31932 Del Cielo Este Bonsall Multifamily Investment

Neighborhood multifamily occupancy trends sit around the low 90s, supporting steady leasing in a high-cost ownership market, according to WDSuite s CRE market data. The investment case centers on durable renter demand reinforced by elevated home values and household incomes in the surrounding area.

Overview

Bonsall is a suburban pocket within the San Diego Chula Vista Carlsbad metro with a C neighborhood rating (ranked 466 among 621 metro neighborhoods). While amenity density is limited locally, residents typically rely on nearby nodes for daily services, which places a premium on on-site functionality, parking, and commute access from an investor perspective.

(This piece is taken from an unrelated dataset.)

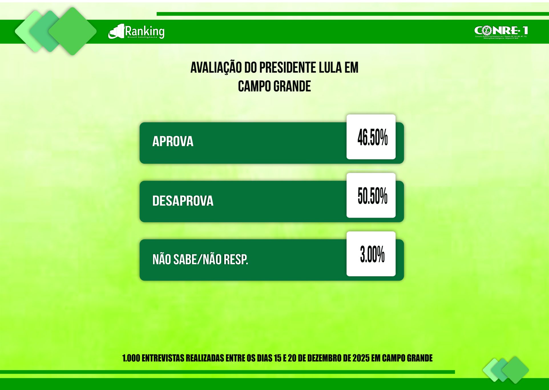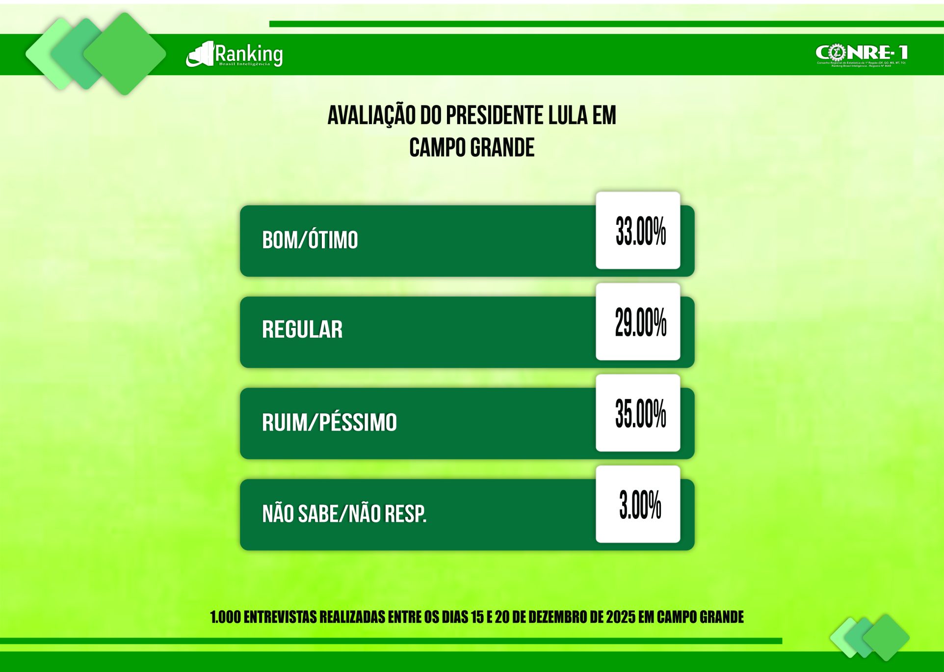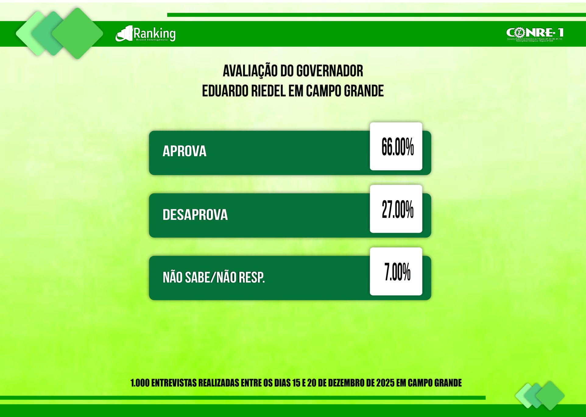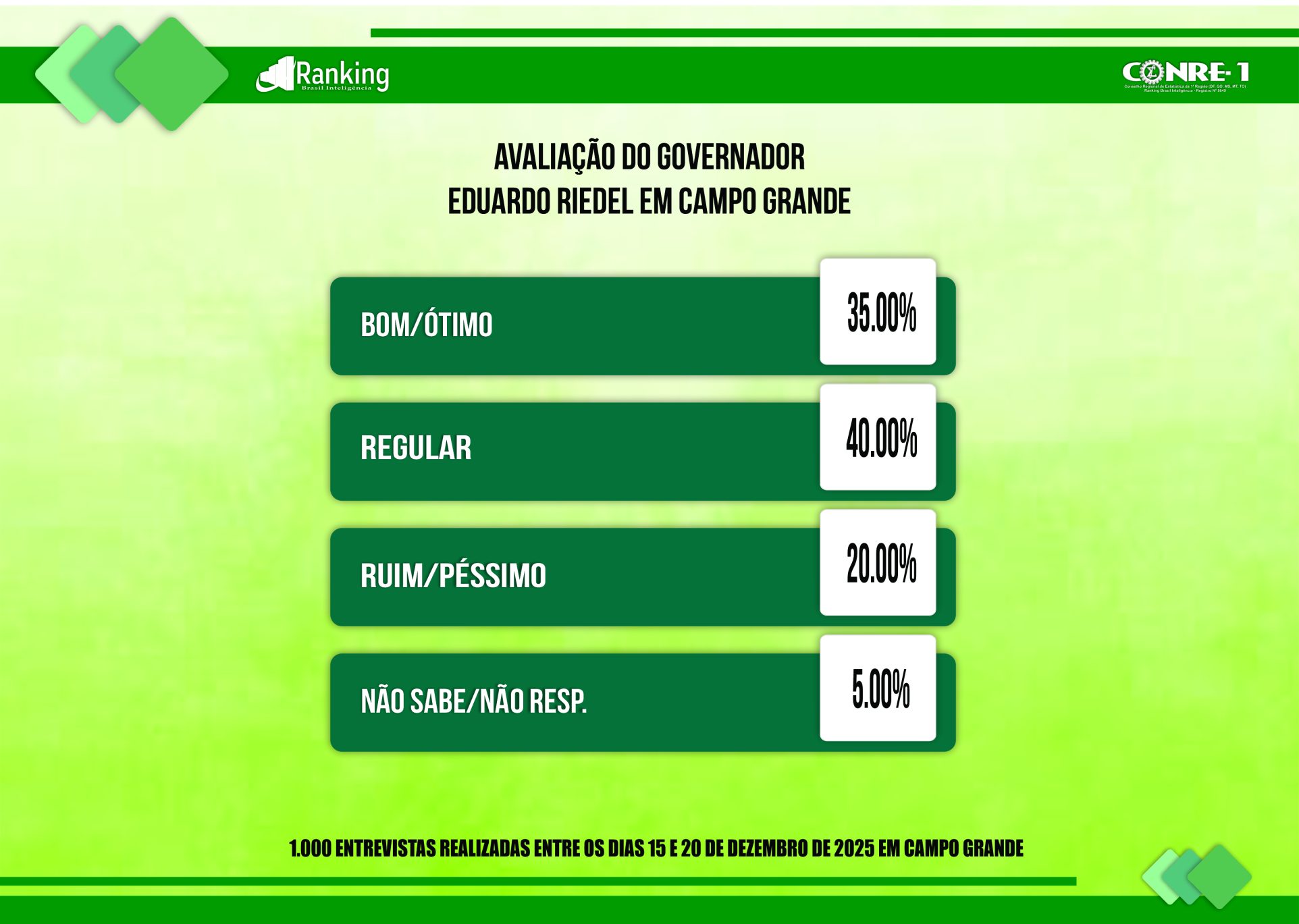 Por encomenda da Rede de Rádios Top FM, a pesquisa realizada pelo Instituto Ranking Brasil Inteligência, de 15 a 20 de dezembro deste ano, junto a 1.000 eleitores, com 16 anos ou mais de idade, nas sete regiões urbanas de Campo Grande (MS) e nos distritos de Anhandui, Rochedinho e zona rural, com intervalo de confiança de 95% e margem de erro de 3 pontos percentuais para mais ou para menos, traz a avaliação do governador Eduardo Riedel (PP).

Home values in the neighborhood sit in the high end of the national distribution (roughly top percentile tiers nationally), and median household incomes are also elevated. In practice, this high-cost ownership context helps sustain reliance on rental housing and can support pricing power and retention, particularly for well-managed units. Neighborhood rent levels are likewise above national norms, yet rent-to-income ratios indicate manageable affordability pressure, which is constructive for lease stability.

Schools test around the 70th percentile nationally, an advantage for family renters relative to many peer areas. The neighborhood s renter concentration (share of housing units that are renter-occupied) is modest compared with more urban submarkets, implying a smaller but durable tenant base; investors should expect demand to be driven by households seeking quality rentals in a predominantly owner-occupied area.

Demographics within a 3-mile radius show flat to slightly softer population trends in recent years but a projected increase in households over the next five years, suggesting a larger tenant base ahead and support for occupancy stability. Against metro peers, these indicators position the area as competitive on incomes and school quality, with demand dynamics linked more to regional employment access than to immediate walkable amenities.

Asset vintage and implications: Built in 1982, the property is slightly older than the neighborhood s average vintage. Investors should underwrite for ongoing capital planning and selective renovations to maintain competitiveness versus newer stock, with potential value-add upside through interior and common-area upgrades.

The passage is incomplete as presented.